99% of wholesalers do it the same way: at a Friday sales meeting they ‘kick off’ the new wines (the obvious sports analogy shows the wrong thinking: that somehow the game doesn’t start until the kickoff happens, when actually it should have started long before). The wines are new to the sales reps. They taste the wines. The sales manager might talk about profitability, the portfolio manager might talk about how great they are. The sales reps leave with samples and sell sheets. Then … that’s about it.

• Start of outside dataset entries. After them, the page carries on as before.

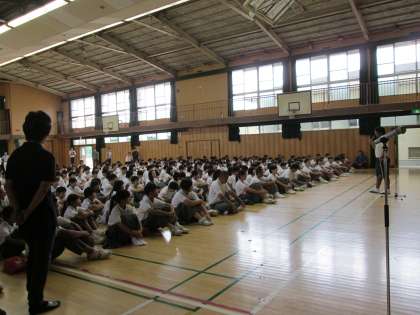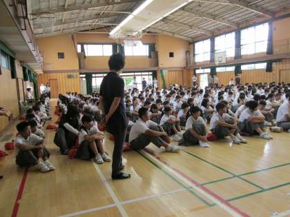 今日は曇り空で猛暑とは言えませんが、久しぶりに体育館に生徒全員が集まると熱気ムンムン。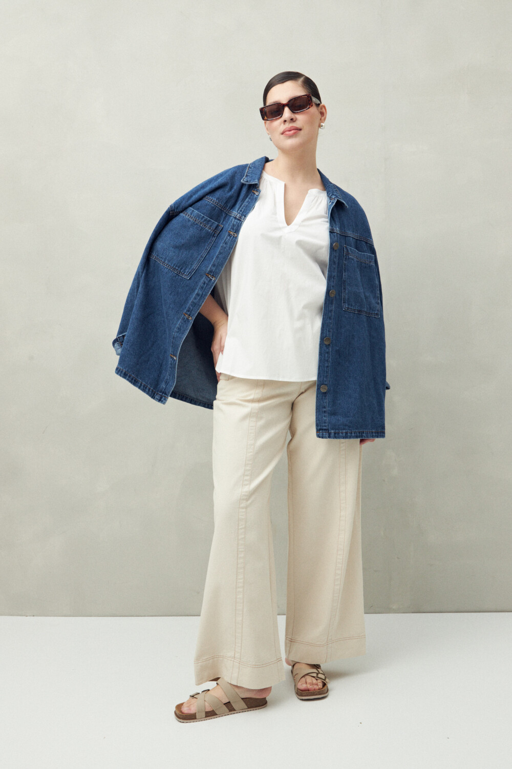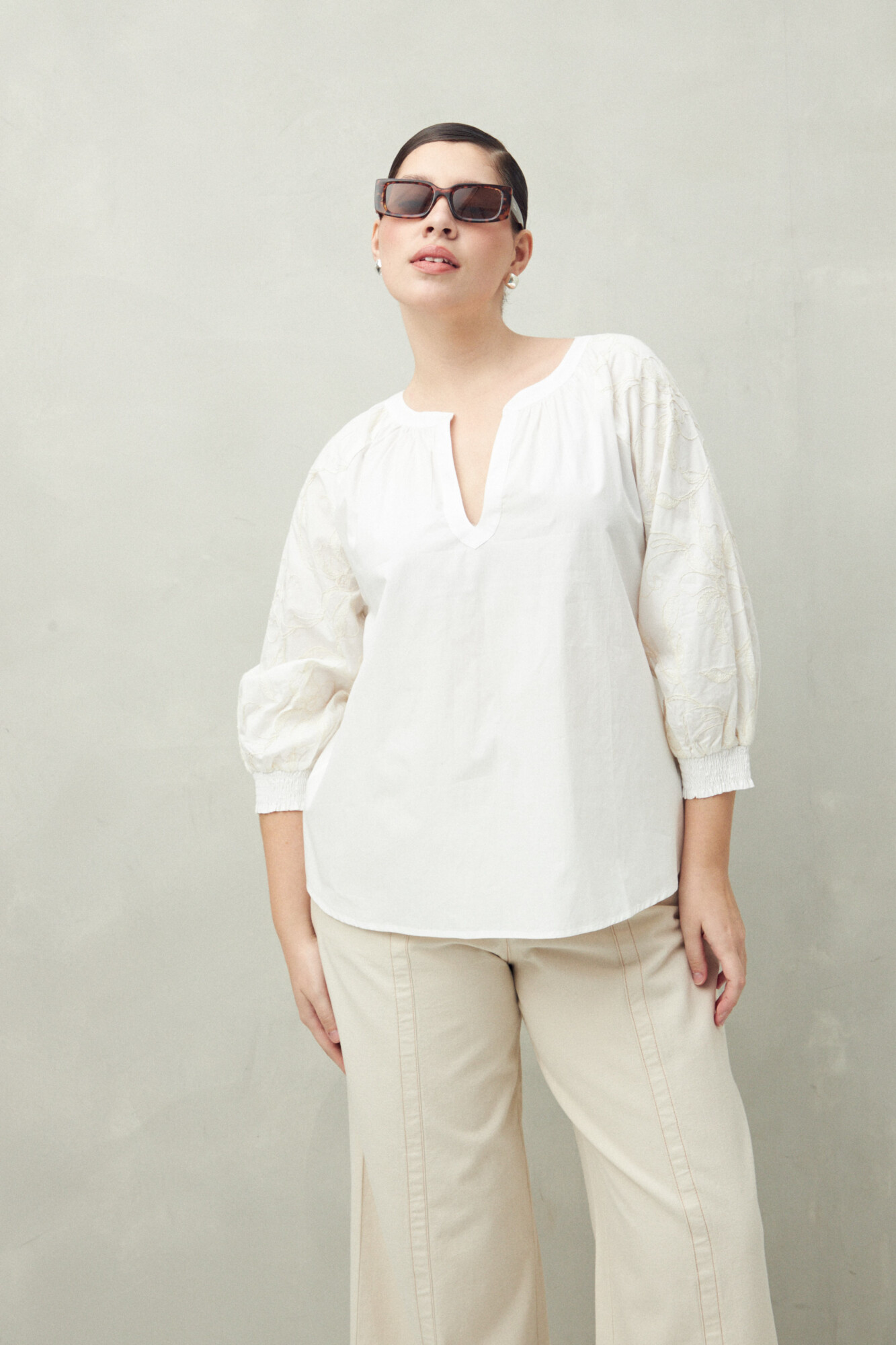 Blusa de algodón con bordado delicado en las mangas y escote en “V” que enmarca el cuello con naturalidad. Las mangas 3/4 con terminación elastizada aportan volumen y un aire bohemio sutil, ideal para elevar un look relajado de día.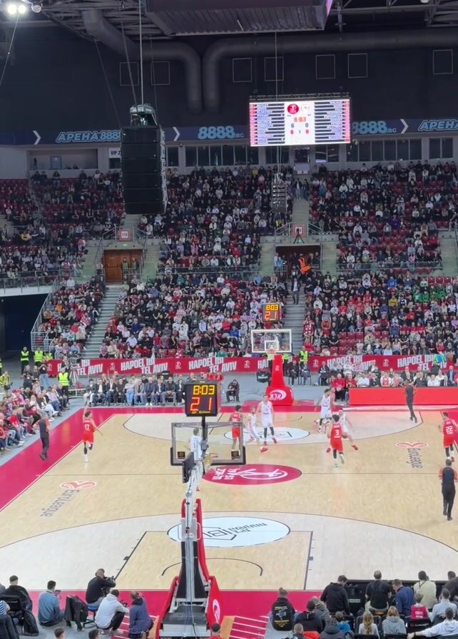 high-angle view of a basketball game in progress. Players in red and white uniforms are actively engaged in the game on the court, while others stand on the sidelines. A large screen above the court displays the game's live action, along with the scoreboard. The arena is packed with spectators filling the stands. The scene is well-lit, typical of an indoor sports arena.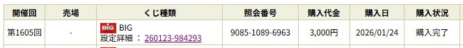 【第1605回BIG】くじ結果と1等くじの判定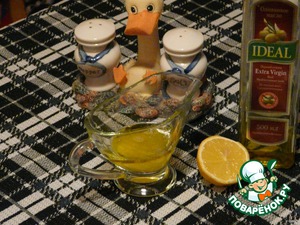 Приготовить соус: соединить оливковое масло, сок лимона, соль, сахар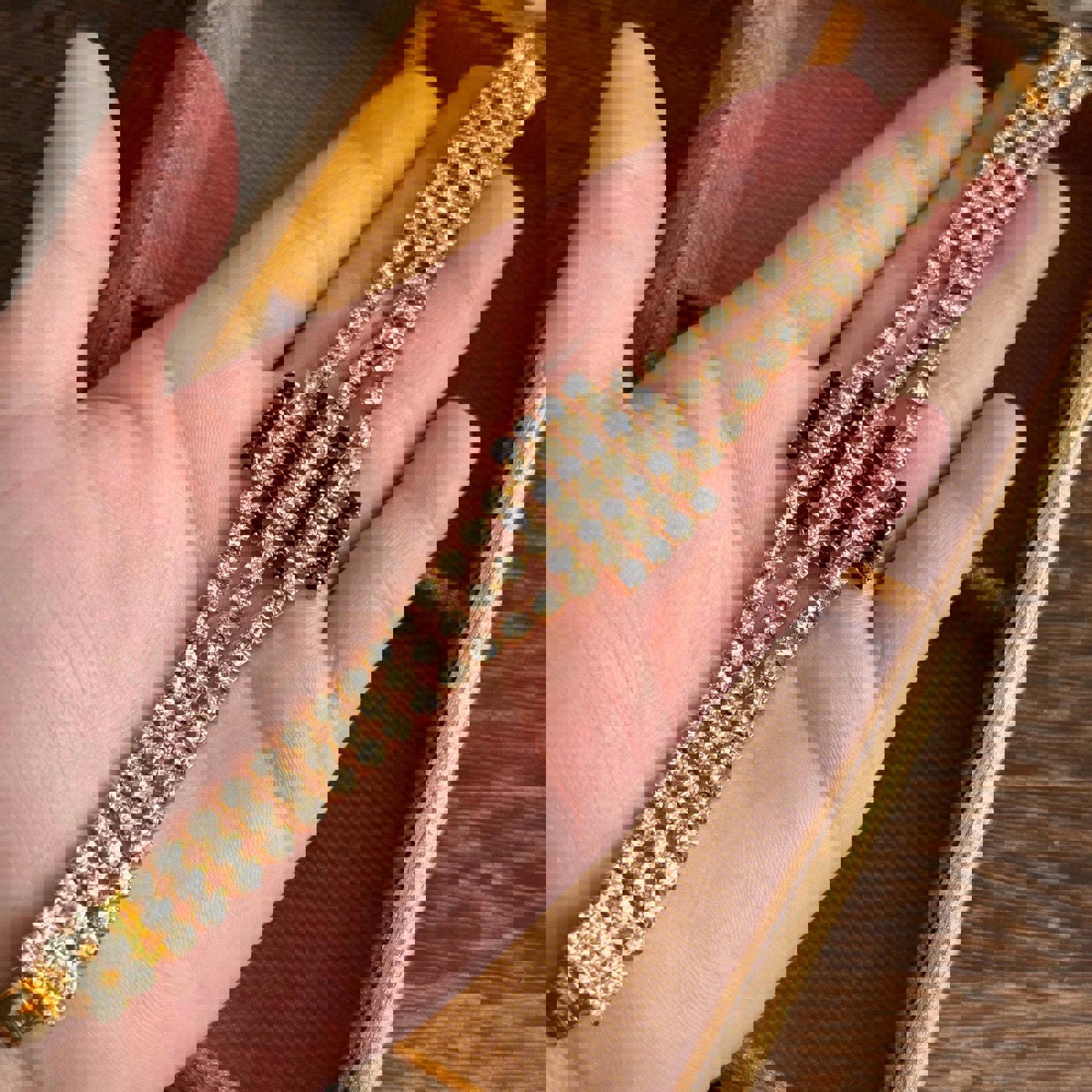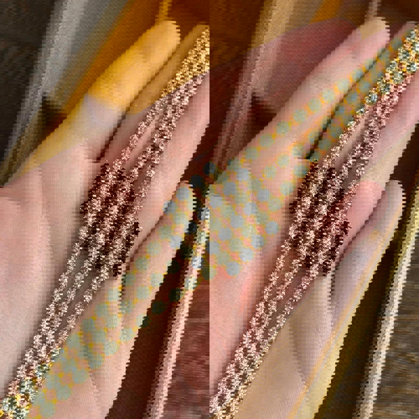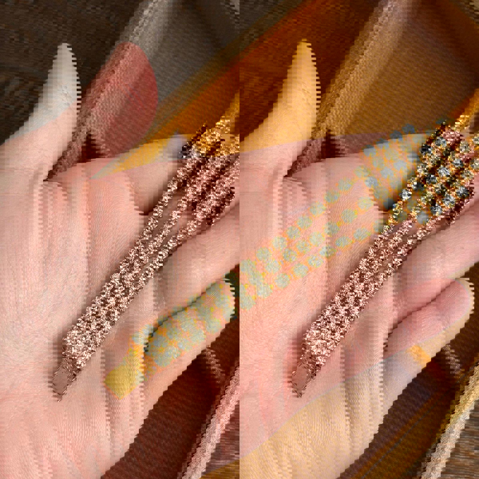 Gold-tone metal base with three rows of clear rhinestones bracelet

Taking a cue from outside of the wine industry, there are so many ways to do it better. We won’t get into a laundry list of ideas here (that’s for a future post and publication), but there are two key parts to amplify the successful launch of a new wine or brand:

  1. Tell your retail and restaurant partners that it’s coming, not that it’s here. Name a date weeks or even a month in the future. Discuss why you’re bringing it into the market, talk about opportunity. Give the accounts a few weeks to wiggle more open room on the shelves, or to delay the reprinting of the wine list until they get to try this magical juice you’re talking about. This also gives you time to contact the local restaurant critics or food and wine bloggers about the new arrival coming soon.
  2. Once it arrives, give your retail and restaurant partners ample opportunity to try the new wines. Do at least five ‘launch lunches’ where buyers are invited to grab the first-come-first-served seats. Don’t just give free sample bottles to the sales reps … give free cases along with a checklist of all of their accounts to track who they have shown it to or not shown it to. Make sure it’s tracked that all active accounts have been presented the new wines. Make sure it’s done in the first two weeks.

Sadly, most wholesalers fall flat on one or both parts. They may think they are doing these things, but often they are not.

Start reflecting on how you’ve kicked off new wines this year. Then fix it for the future by learning how to launch new wines instead. Kicking off and launching are two very different things.